Activity – With the pictures left out, print exactly the lines below that run from the one containing "Скриншоты IObit Smart Defrag" through the one containing "이번 포스팅은 농지의 사후 관리 수단인 농지이용실태조사에 대해 알아보겠습니다.".

Provided records –

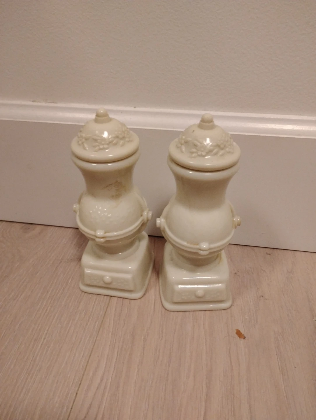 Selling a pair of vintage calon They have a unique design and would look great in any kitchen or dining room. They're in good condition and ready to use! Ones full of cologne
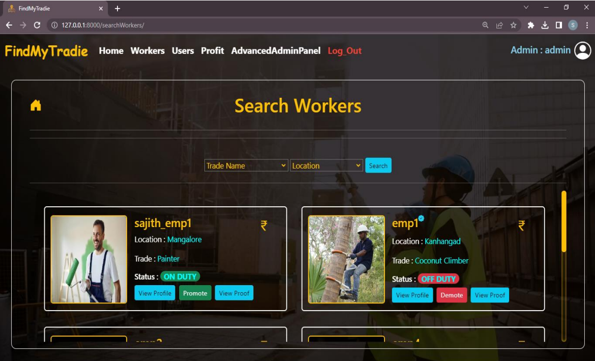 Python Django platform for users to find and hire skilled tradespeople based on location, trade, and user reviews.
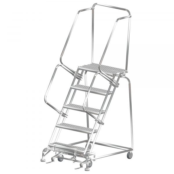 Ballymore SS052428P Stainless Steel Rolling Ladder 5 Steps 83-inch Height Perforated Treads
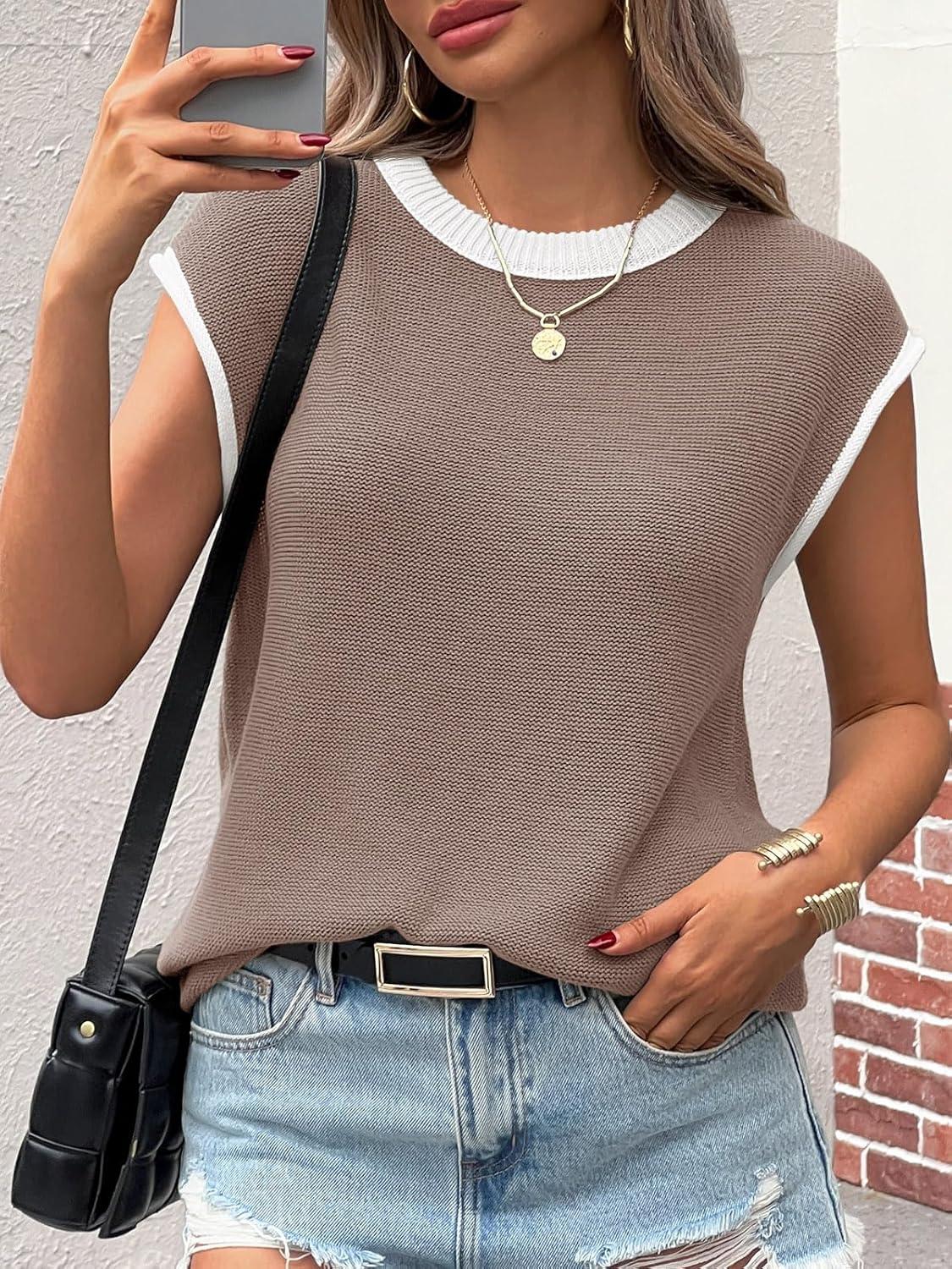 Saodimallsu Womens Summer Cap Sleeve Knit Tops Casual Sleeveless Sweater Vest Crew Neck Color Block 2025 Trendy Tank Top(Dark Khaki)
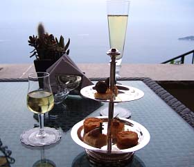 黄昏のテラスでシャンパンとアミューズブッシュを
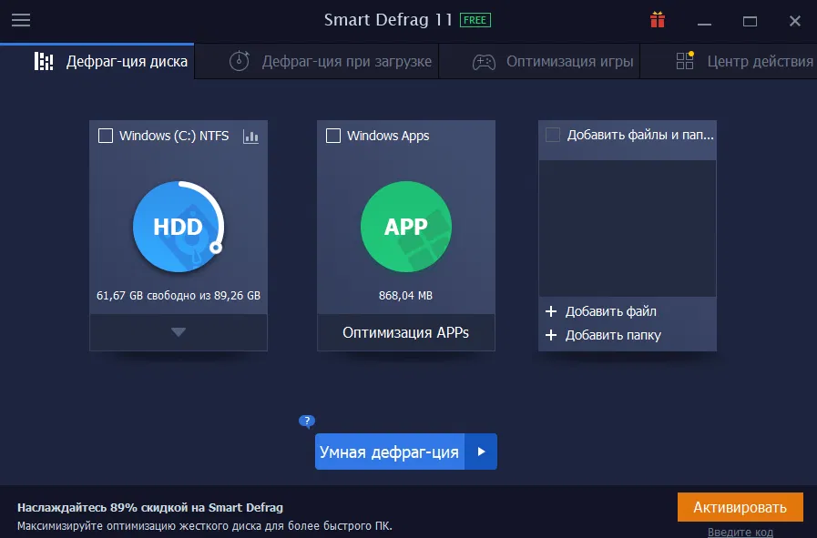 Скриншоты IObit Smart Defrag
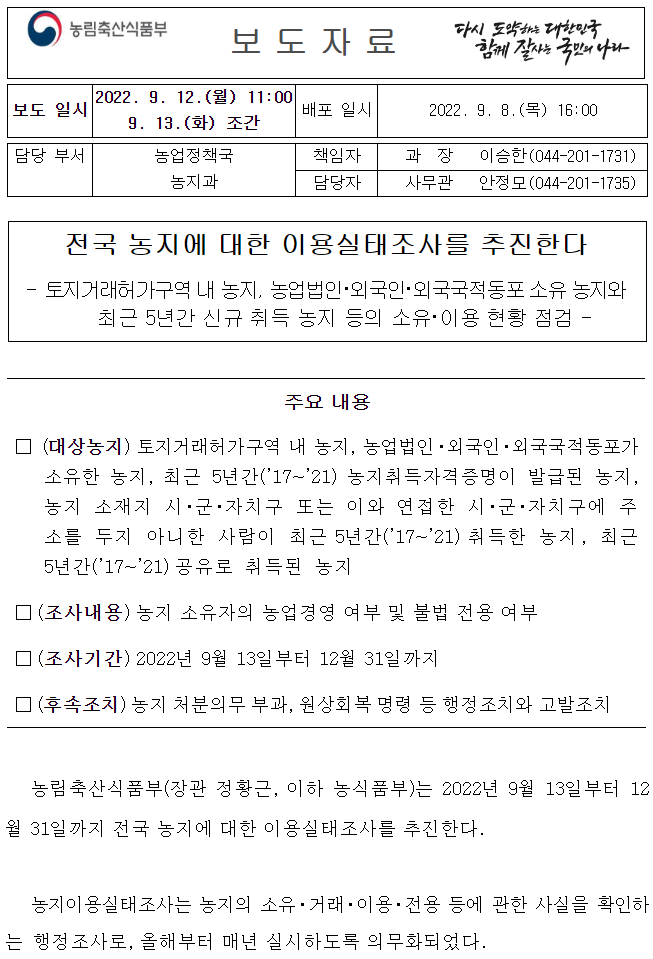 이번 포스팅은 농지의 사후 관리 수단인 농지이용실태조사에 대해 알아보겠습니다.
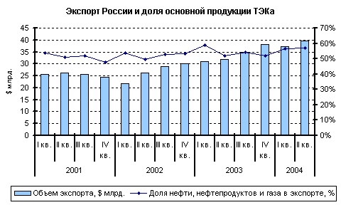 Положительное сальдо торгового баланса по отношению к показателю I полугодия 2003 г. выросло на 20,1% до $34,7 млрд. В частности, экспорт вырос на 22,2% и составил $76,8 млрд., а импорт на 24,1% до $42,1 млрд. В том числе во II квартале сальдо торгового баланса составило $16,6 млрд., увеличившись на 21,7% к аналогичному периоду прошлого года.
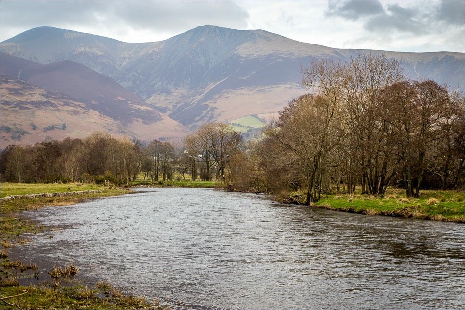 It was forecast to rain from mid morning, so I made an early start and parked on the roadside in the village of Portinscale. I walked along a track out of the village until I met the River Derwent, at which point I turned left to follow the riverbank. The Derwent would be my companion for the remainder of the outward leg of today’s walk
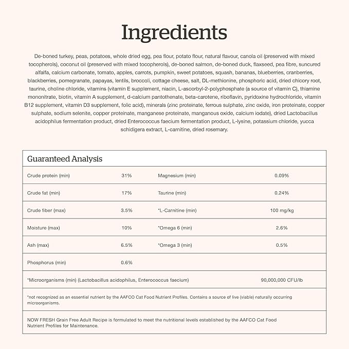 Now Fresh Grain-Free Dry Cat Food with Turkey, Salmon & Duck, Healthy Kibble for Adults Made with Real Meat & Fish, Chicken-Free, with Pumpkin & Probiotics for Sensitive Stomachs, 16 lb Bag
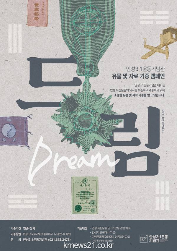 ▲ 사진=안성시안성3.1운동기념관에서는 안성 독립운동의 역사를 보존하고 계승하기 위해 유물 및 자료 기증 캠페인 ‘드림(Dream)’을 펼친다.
---
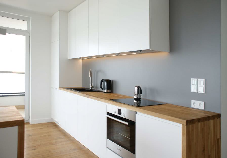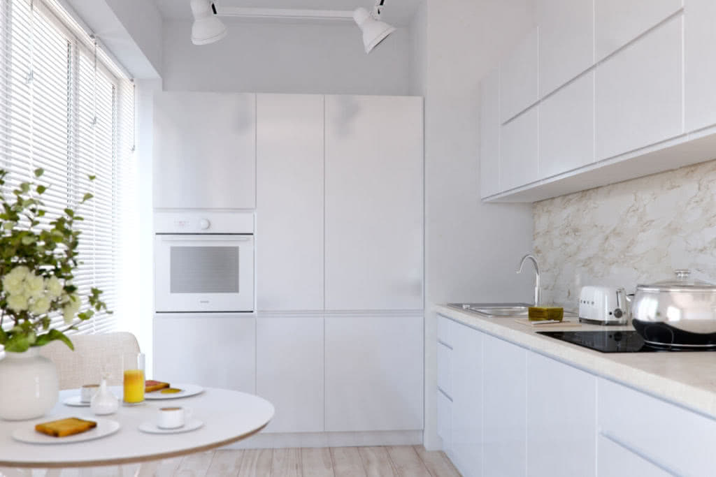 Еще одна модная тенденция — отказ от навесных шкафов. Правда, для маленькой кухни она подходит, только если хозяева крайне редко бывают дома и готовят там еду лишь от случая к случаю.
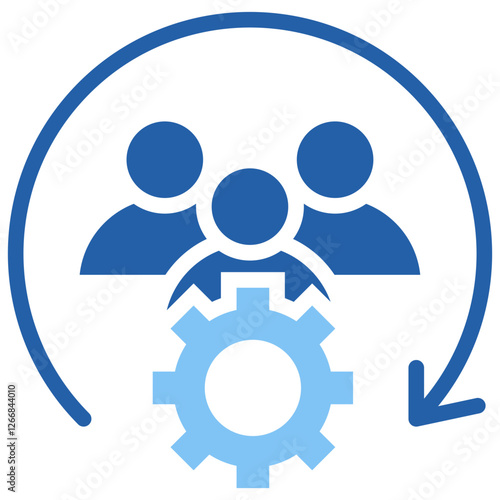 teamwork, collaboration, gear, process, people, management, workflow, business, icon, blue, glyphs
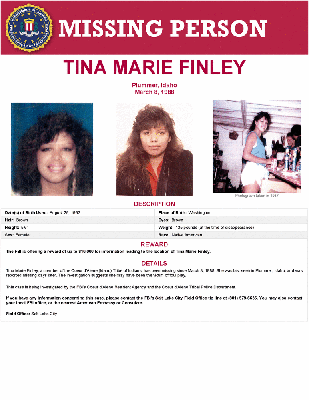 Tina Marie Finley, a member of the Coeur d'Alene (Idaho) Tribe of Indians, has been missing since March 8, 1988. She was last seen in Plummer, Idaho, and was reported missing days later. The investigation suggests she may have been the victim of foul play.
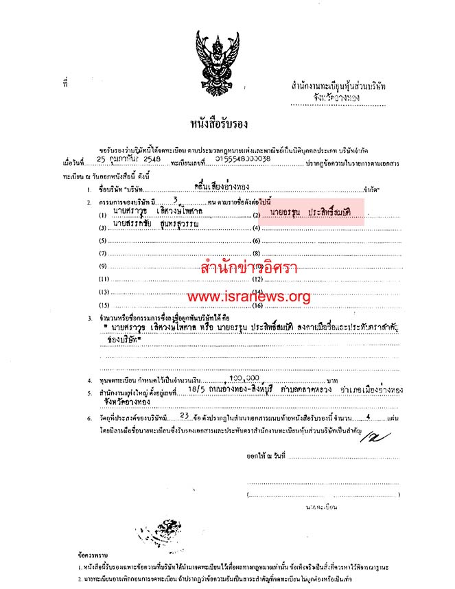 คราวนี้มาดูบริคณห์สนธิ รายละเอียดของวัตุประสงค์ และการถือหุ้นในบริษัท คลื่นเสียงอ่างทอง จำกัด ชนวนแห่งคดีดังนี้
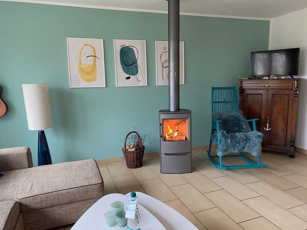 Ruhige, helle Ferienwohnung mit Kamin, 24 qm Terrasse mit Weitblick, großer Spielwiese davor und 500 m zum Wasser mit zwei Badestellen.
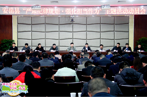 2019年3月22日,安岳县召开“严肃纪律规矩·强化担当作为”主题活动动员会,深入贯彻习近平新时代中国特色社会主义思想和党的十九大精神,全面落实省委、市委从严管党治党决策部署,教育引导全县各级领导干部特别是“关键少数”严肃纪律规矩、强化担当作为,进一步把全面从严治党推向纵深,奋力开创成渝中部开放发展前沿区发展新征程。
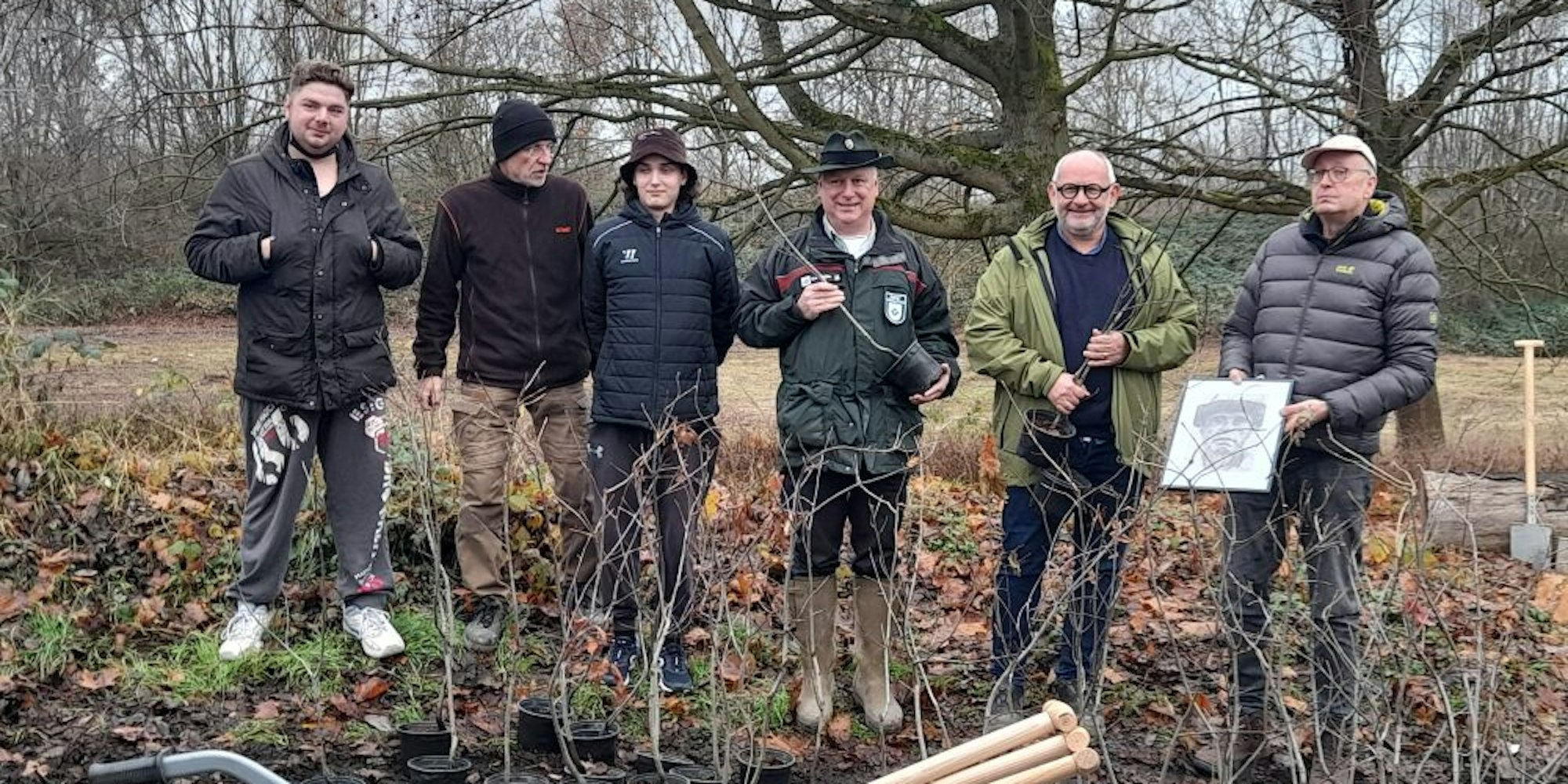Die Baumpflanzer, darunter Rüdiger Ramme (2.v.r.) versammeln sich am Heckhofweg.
* * *
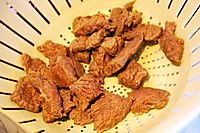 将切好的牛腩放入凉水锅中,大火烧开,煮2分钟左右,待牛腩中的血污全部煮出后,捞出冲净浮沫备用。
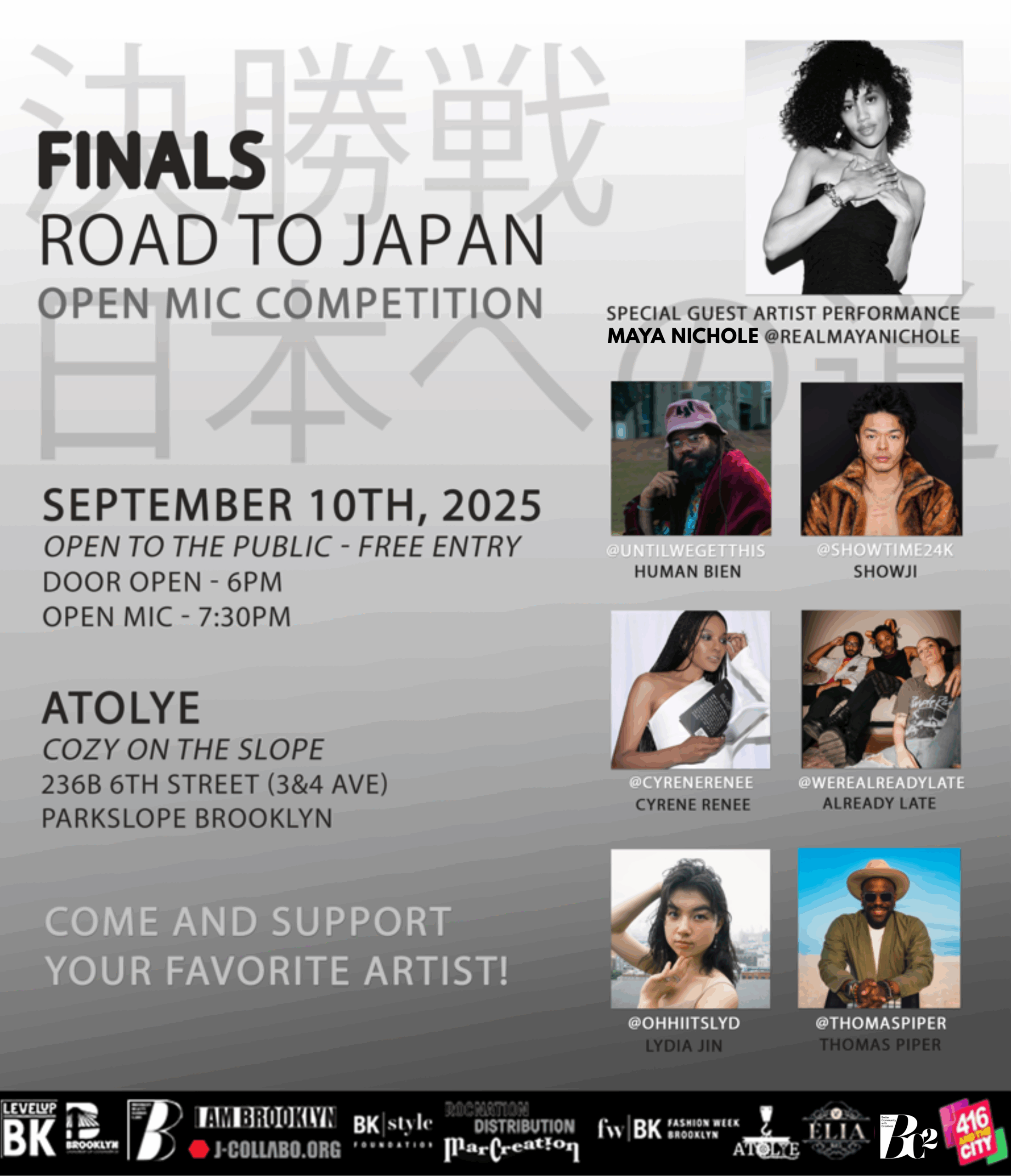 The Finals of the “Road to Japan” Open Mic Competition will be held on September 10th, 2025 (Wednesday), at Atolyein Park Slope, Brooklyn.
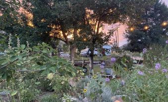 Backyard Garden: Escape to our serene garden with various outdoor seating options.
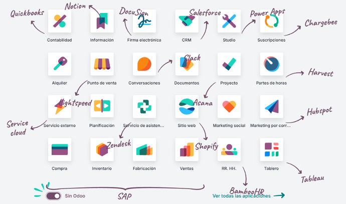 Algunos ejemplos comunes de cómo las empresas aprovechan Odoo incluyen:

Reply to the task –
 Скриншоты IObit Smart Defrag
 이번 포스팅은 농지의 사후 관리 수단인 농지이용실태조사에 대해 알아보겠습니다.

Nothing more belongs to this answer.